Posted on Jan 2, 2016 6:04 PM

The cabling in the Optical bays in Mac Pro 1,1 through 3,1 2008 model have ATA/IDE cabling in the Optical bays, with 4-pin molex power connectors.


In my opinion, Apple included these two extra SATA ports to hedge against Optical drives in ATA/IDE form becoming too expensive or obsolete. The extra ports gave them the data connection to allow them to switch over to SATA Optical drives (with 4-pin molex power or an adapter) without revising the mainboard.


There is no explanation of how to use them in any official Apple literature. They are too close together, and using both requires you to use at least one right-angle connector. Convenient power is not provided, as these were never for your convenience. Finding power for additional drives attached here is your problem. (ask on hobbyist sites)


For the major re-design for the 2009 model, these ports were eliminated, and the Optical bays got SATA cabling (including SATA power).

6 replies
Question marked as Top-ranking reply

Jan 2, 2016 6:04 PM in response to spinnerator

The cabling in the Optical bays in Mac Pro 1,1 through 3,1 2008 model have ATA/IDE cabling in the Optical bays, with 4-pin molex power connectors.


In my opinion, Apple included these two extra SATA ports to hedge against Optical drives in ATA/IDE form becoming too expensive or obsolete. The extra ports gave them the data connection to allow them to switch over to SATA Optical drives (with 4-pin molex power or an adapter) without revising the mainboard.


There is no explanation of how to use them in any official Apple literature. They are too close together, and using both requires you to use at least one right-angle connector. Convenient power is not provided, as these were never for your convenience. Finding power for additional drives attached here is your problem. (ask on hobbyist sites)


For the major re-design for the 2009 model, these ports were eliminated, and the Optical bays got SATA cabling (including SATA power).

Jan 2, 2016 12:48 PM in response to spinnerator

I had the 2006 and 2008 Mac Pro. In the 2008 Mac Pro I utilized thise two extra data ports to configure as follows:

Manhattan iede to sata bridge to attach a data blu ray burner, a Pioneer. Then in the bottom of the optical bay I installed a Vantech Nester plastic data encore and placed two SSD drives in there. Had to run data cabling from those two extra ports to the optical bay lower tier. 21 inch will do it and 18 is too short to make the journey.


Then one SSD in bay 2 along with three hard drives. So I had 6 internal drives and one data burner working flawlessly in that Mac Pro. The 2006 Mac Pro I utilized one of the two sata ports also and ran two burners. One side and one data.

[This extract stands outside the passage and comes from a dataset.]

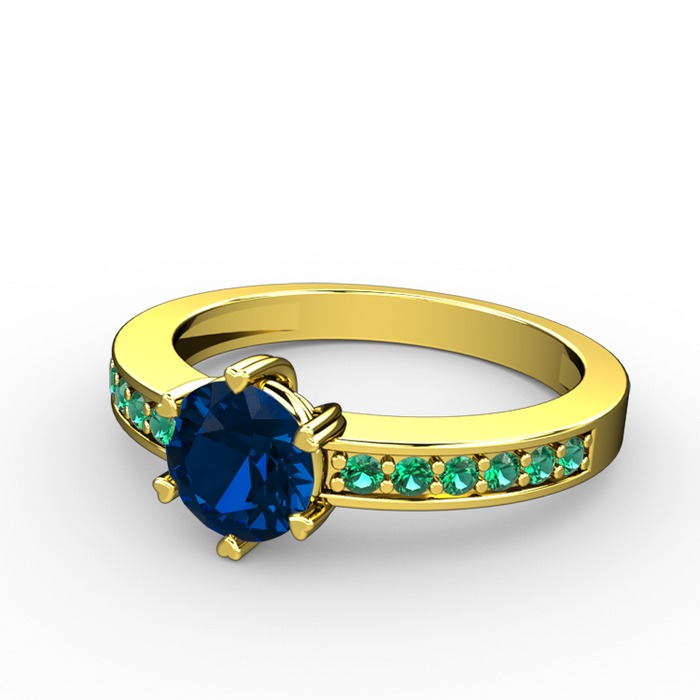 Lab safir ve yeşil kuvars 8 ayar altın yüzük

The only issue is matching up what KIND or style of connector to be able to attach them to those two extra ports. Use your brains and commonsense. Also to do the job properly you'll need to remove some of the internal parts but I did not do that, I just cut some of the plastic surrounding those ports so I could connect those cables. Looks like heck but I was the sole owner and I don't usually open the Mac Pro to admire the insides.